Pre-processing and harmonization of supplementary data sources

Pre-processing and harmonization of supplementary datasets consisted of four steps: (1) if available, each dataset was filtered based on interpreter confidence (highest) or consensus score (100% agreement among interpreters); (2) the land cover legend for each data set was harmonized with the GLanCE legend (crosswalk tables in Supplementary Information); (3) each dataset was compared against an existing land cover product (ESA World Cover⁴³, Copernicus Global Land Cover Layers⁴⁴, or the MODIS Land Cover Type product¹⁸ depending on the time period of the supplementary data source), and training units were discarded where they disagreed with the existing product; and (4) we visually inspected approximately 30% of each harmonized and cleaned supplementary dataset in Google Earth using high resolution imagery to evaluate the overall quality and remove mislabeled training units. Step 3 provided an automated way to eliminate or reduce the number of poor-quality training units by ensuring that supplementary land cover labels agreed with at least one other data source. Note that this approach is susceptible to errors of omission and commission in the existing map sources, but because we only retain labels where both data sets agree, we assume this strategy is conservative and leads to relatively few errors. Step 4 is designed to ensure the overall quality of the training dataset and enables us to iterate on the ingestion process if necessary. For example, Step 4 occasionally resulted in supplementary datasets being reviewed and reinterpreted by GLanCE image analysts. Details regarding legend harmonization for each data set are included in the Supplementary Information. Despite our best efforts to harmonize and clean the supplementary training datasets, a constraint to our approach is that we had limited control over the external dataset’s accuracy and consistency.

Data Records

The GLanCE training dataset described in this paper is available from Source Cooperative⁴⁵ under Creative Commons license CC-BY-4.0.

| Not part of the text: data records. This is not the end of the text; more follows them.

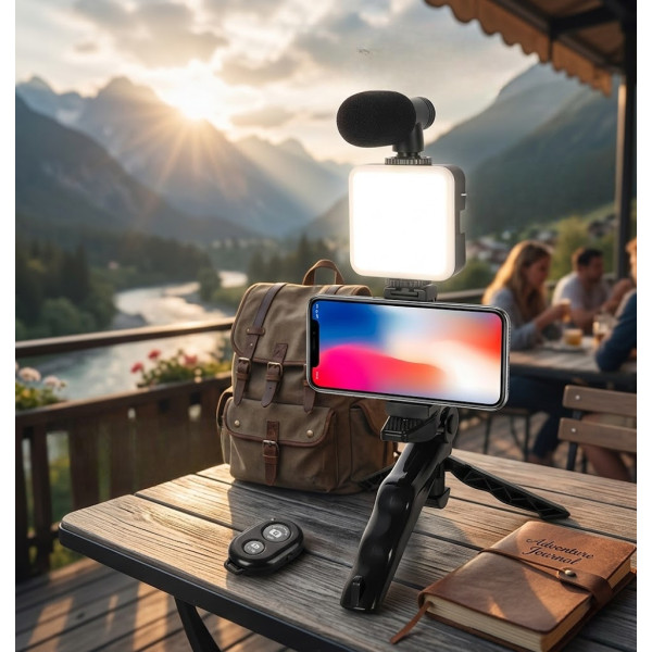 До набору входить: мікрофон, підсвітка, трипод, тримач для телефона та Bluetooth кнопка.
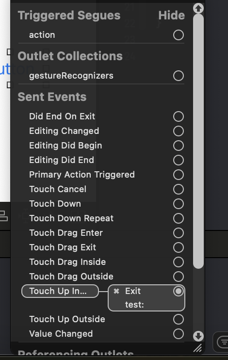 또는 액션으로 해야하는데 아울렛으로 했다면 버튼에서 우측 마우스 클릭하여 이전 기능 연결된 것을 삭제하고 다시 연결시키면 된다.
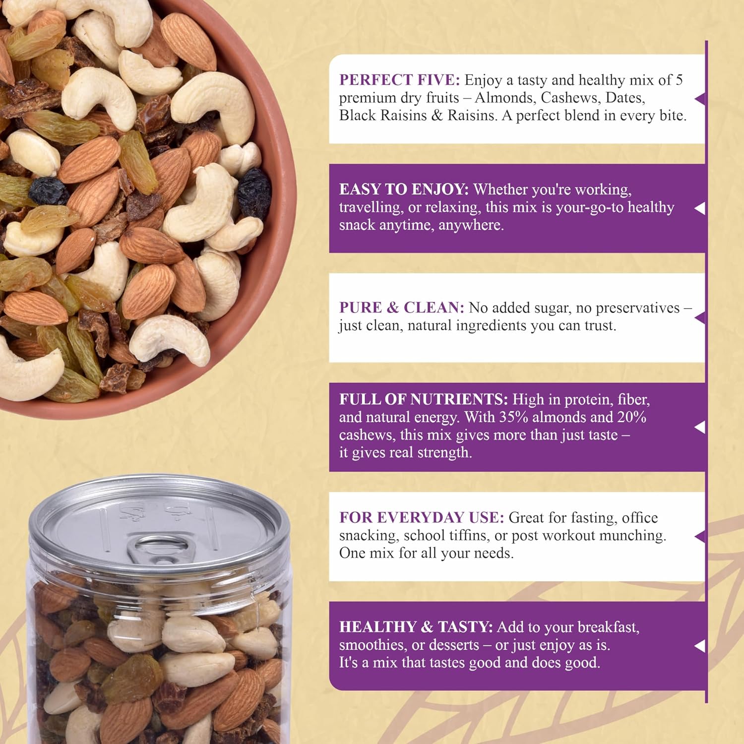 Nutty Organics Panchmeva Dry Fruit Mix is a premium blend of five wholesome dry fruits, carefully sourced to deliver taste, nutrition, and quality in every bite. This 400 gm pack contains a rich mix of California Almonds (35%), Goa Cashews (20%), Oman Dates (20%), Black Raisins (15%), and Green Raisins (10%). Perfect as a healthy snack, this dry fruit mix is naturally rich in protein, fiber, antioxidants, and essential vitamins. Whether you enjoy it as an energy booster during work, a quick pre/post-workout snack, or as a nutritious topping for cereals, desserts, and smoothies, Panchmeva offers the perfect balance of taste and health. Packed hygienically to preserve freshness and crunch, it’s a great choice for gifting or everyday snacking. ✔ Premium handpicked dry fruits ✔ Rich source of energy and nutrients ✔ No artificial colors, flavors, or preservatives ✔ Ideal for healthy snacking, gifting, or festive occasions
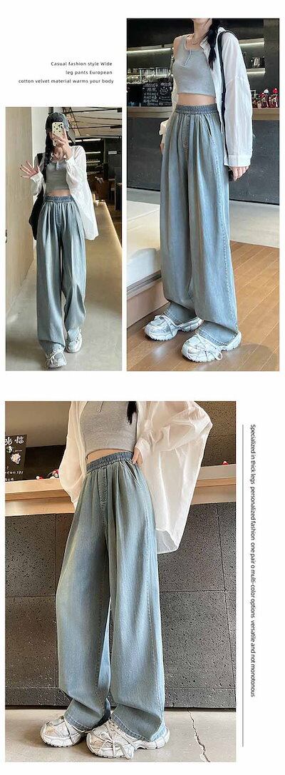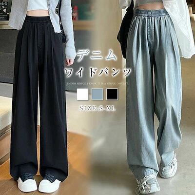デニムワイドパンツ レディース ストレートパンツ デニム ワイド パンツ 春夏秋 タックパンツ ウエストゴム ジーパン ロング丈 ボトムス リラックス ゆったり 楽ちん おしゃれ 体型カバー ブルー
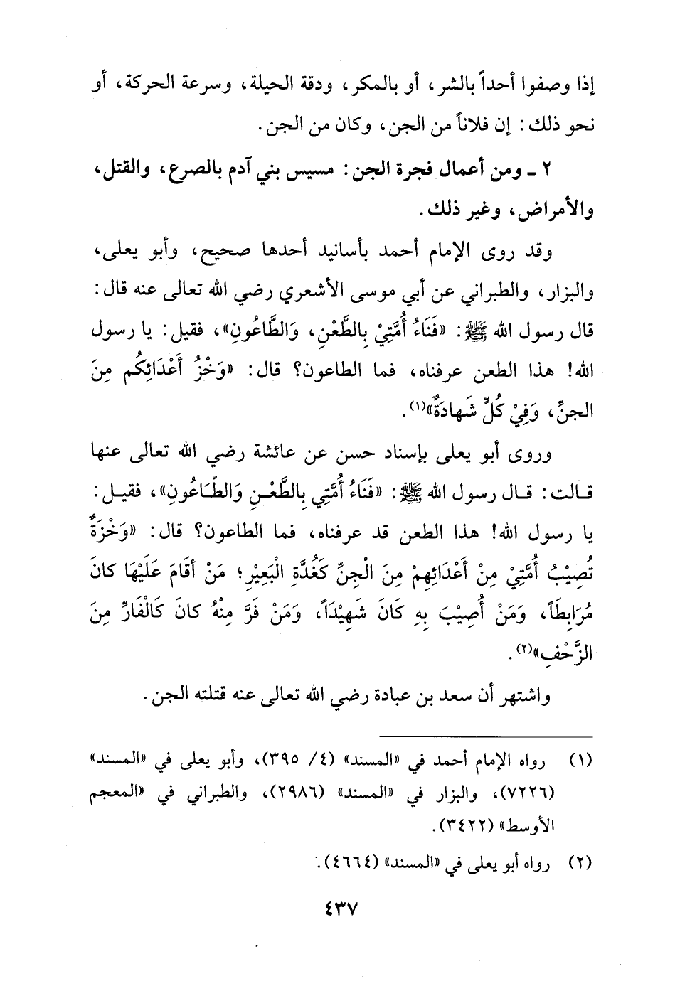 وقد روى الإمام أحمد بأسانيد أحدها صحيح، وأبو يعلى، والبزار، والطبراني عن أبي موسى الأشعري رضي الله تعالى عنه قال: قال رسول الله - صلى الله عليه وسلم -: "فَنَاءُ أُمَّتِيْ بِالطَّعْنِ، وَالطَّاعُونِ"، فقيل: يا رسول الله! هذا الطعن عرفناه، فما الطاعون؟ قال: "وَخْزُ أَعْدَائِكُم مِنَ الجنِّ، وَفِيْ كُلٍّ شَهادَةٌ" (¬1).
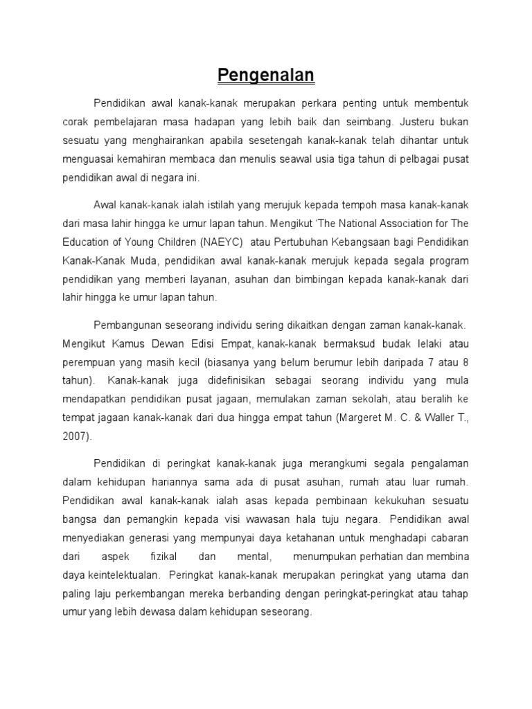 Maksud pendidikan awal kanak-kanak. DASAR PERLINDUNGAN KANAK - KANAK NEGARA PENGENALAN Kanak-kanak merupakan modal insan penting kepada negara. Perkembangan masa kanak-kanak ini terjadi ketika seorang anak memasuki usia 5 sampai 6 tahun atau bila dilihat dari segi pendidikan menempuh pendidikan TK Taman Kanak-Kanak pengetahuan kognitifnya pada masa lkanak-kanak awal masih bersifat subyektif dan kemudian berkembang menjadi obyektif. Modal insan ini dapat dibangunkan kepada tahap optimum melalui penyediaan persekitaran yang selamat dan kondusif.
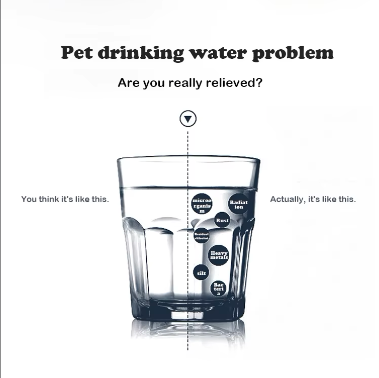 Do you think your pet's drinking water is pure and clean? The truth might surprise you. As shown in the picture, what seems like clear water can actually hide various contaminants—microorganisms, rust, heavy metals, silt, and more. Our Smart Pet Water Dispenser is here to tackle these hidden threats.
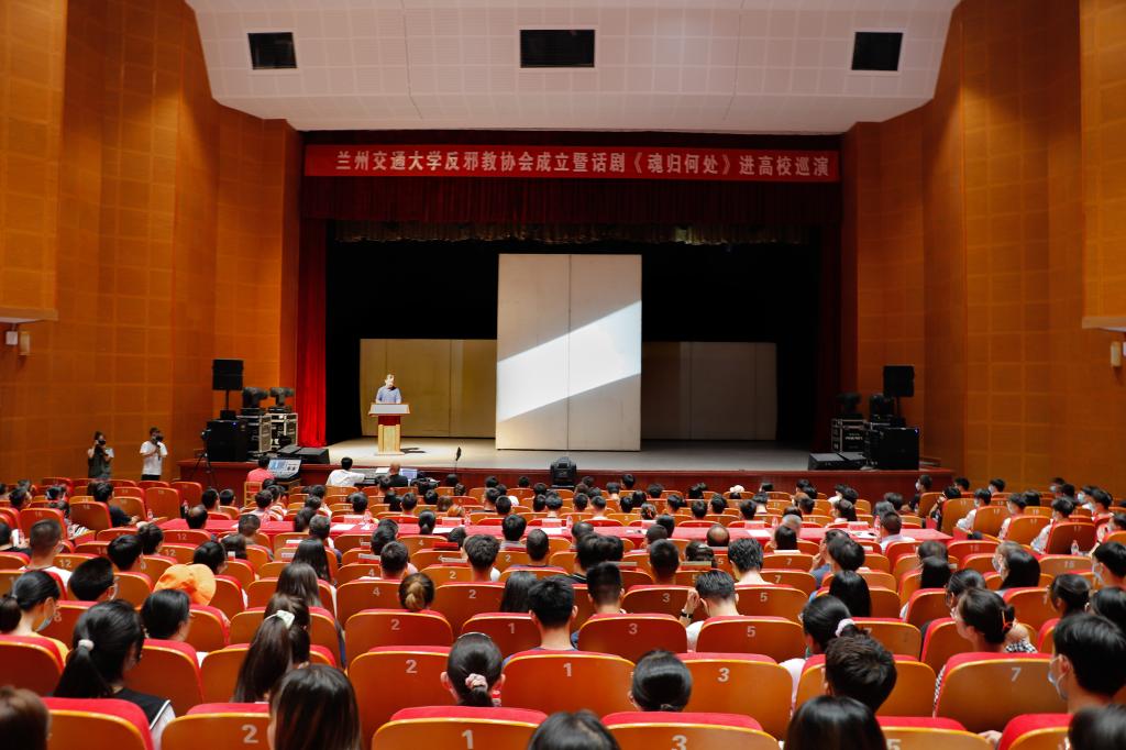 6月27日晚,我校在交大礼堂举行反邪教协会成立大会,特邀甘肃省话剧院反邪教话剧《魂归何处》剧组来我校巡演。反邪教协会理事会成员单位党委宣传部、党委教师工作部、党委学生工作部、党委研究生工作部、校团委、离退休教职工服务中心、党委保卫工作部等职能部门主要负责人,协会理事、会员及部分师生代表共计800余人参加活动。副校长、反邪教协会理事会理事长马军党主持活动。

The GLanCE land cover training dataset includes two nested sets of classes: seven broad, mutually exclusive classes (Level 1) and nine secondary classes (Level 2) (Table 2, Fig. 2)²⁴. The GLanCE land cover classification scheme is designed to focus primarily on land cover and is compatible with common land use categories for greenhouse gas inventory reporting⁴⁶ land cover classification systems such as the IPCC and the FAO Land Cover Classification System (LCCS)^24,47. Land cover labels were assigned for 30 m Landsat training units based on fractional cover thresholds (Fig. 2). To label each training unit, we followed the stepwise decision-making process shown in Fig. 2. In addition to Level 1 & 2 land cover and land use labels, the dataset includes eight additional attributes that provide complementary information related to land cover and land use properties (Table S1). Note that these additional attributes (e.g., LC_Confidence, Segment_Type) were collected only for GLanCE training units and as a result are available only for ~3% of the dataset. Each training unit’s land cover label corresponds to a specific Landsat training unit and time period between 1984 and 2020 (Table S1). The years assigned to each unit are inclusive. For example, if the training unit is labeled “Trees” from 2000 to 2020, then it was trees for the full calendar years of 2000 and 2020. IDs are assigned based on latitude and longitude, so units with duplicate location and the samet ID indicate units that experienced land cover abrupt or gradual change. However, each training unit has a unique ‘Glance_ID’. Table S1 includes a complete list of attributes and descriptions.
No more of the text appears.